= Solomon Gai =

Italian scholar (1600–1638)

Solomon Gai (1600 - August 1638) was an Italian scholar and hebraist. He was born and died in Mantua.

Gai is chiefly known as the correspondent and friend of Johannes Buxtorf II. In a letter which he wrote to Buxtorf from Mantua on November 6, 1637, Gai declared that he had emigrated to Botzen, a town in the South Tyrol, where he had become the tutor of the two sons of a rich man named Jacob Moravia. He studied German at Botzen, and after a stay of five years and a half returned to Mantua.

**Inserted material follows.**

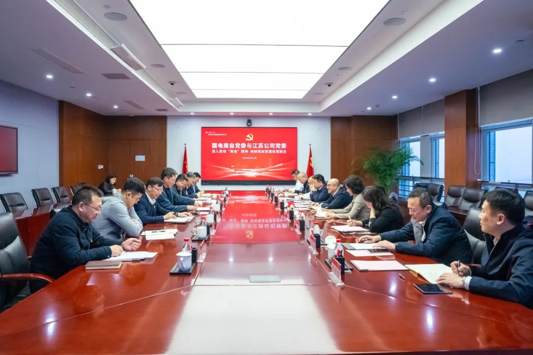 为进一步深入学习宣传贯彻全国两会精神,落实集团公司“四力四推”党建工程创一流、开展产业链创新链党建赋能行动要求,提升党的建设质量生动实践。3月12日,国电南自党委和江苏公司党委举办“深入贯彻两会精神持续推进党建经营融合”党建联建共建活动。江苏公司党委书记、董事长杨惠新,党委副书记、工会主席邵松,国电南自党委书记、董事长经海林,党委副书记、工会主席王茹,党委委员、副总经理杨乘胜出席活动。

Buxtorf's Latin translation of the "Moreh" won Gai's admiration. Attributing the translation to Buxtorf the Elder, Gai wrote a letter expressing admiration for the father. Buxtorf explained to Gai that he himself was the translator, and sent him a copy of his dissertation "Diatribe" as a present. Gai wrote another letter to Buxtorf in Latin with a Hebrew introduction drawing his attention to works of which Buxtorf was unaware. Buxtorf subsequently commissioned Gai to purchase Hebrew books for him. Gai insisted particularly on obtaining Buxtorf's lexicons, as he planned to write a lexicon in collaboration with a cleric to whom he was giving Hebrew lessons.